▸ Description of the task:
For the entries below, the expected answer is the line with "usaData = stateCodes.Rows", the line with "電繡花朵打摺袖上衣 / 白藍條紋 保暖舒適,秋冬皆宜", and every line between them, exactly as written, and nothing more.

▸ Provided entries:
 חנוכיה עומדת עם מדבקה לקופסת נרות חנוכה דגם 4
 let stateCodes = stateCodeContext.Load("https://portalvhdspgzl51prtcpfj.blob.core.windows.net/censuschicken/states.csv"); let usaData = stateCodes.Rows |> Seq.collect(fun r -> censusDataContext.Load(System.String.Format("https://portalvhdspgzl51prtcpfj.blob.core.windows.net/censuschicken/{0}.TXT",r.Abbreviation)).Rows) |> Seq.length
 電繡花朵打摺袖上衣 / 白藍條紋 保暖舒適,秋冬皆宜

...

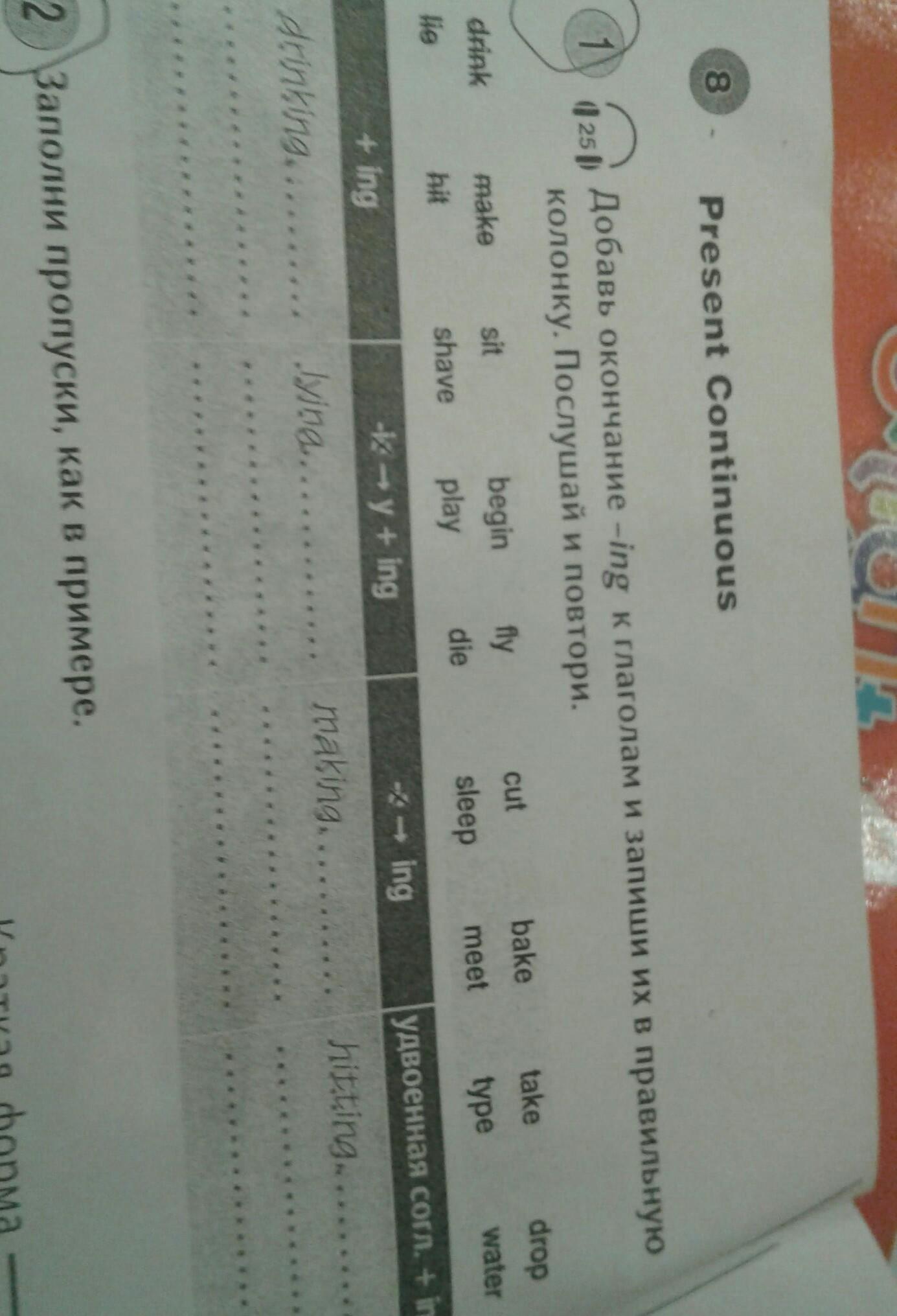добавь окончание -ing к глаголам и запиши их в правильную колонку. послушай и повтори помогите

▸ Result below:
 let stateCodes = stateCodeContext.Load("https://portalvhdspgzl51prtcpfj.blob.core.windows.net/censuschicken/states.csv"); let usaData = stateCodes.Rows |> Seq.collect(fun r -> censusDataContext.Load(System.String.Format("https://portalvhdspgzl51prtcpfj.blob.core.windows.net/censuschicken/{0}.TXT",r.Abbreviation)).Rows) |> Seq.length
 電繡花朵打摺袖上衣 / 白藍條紋 保暖舒適,秋冬皆宜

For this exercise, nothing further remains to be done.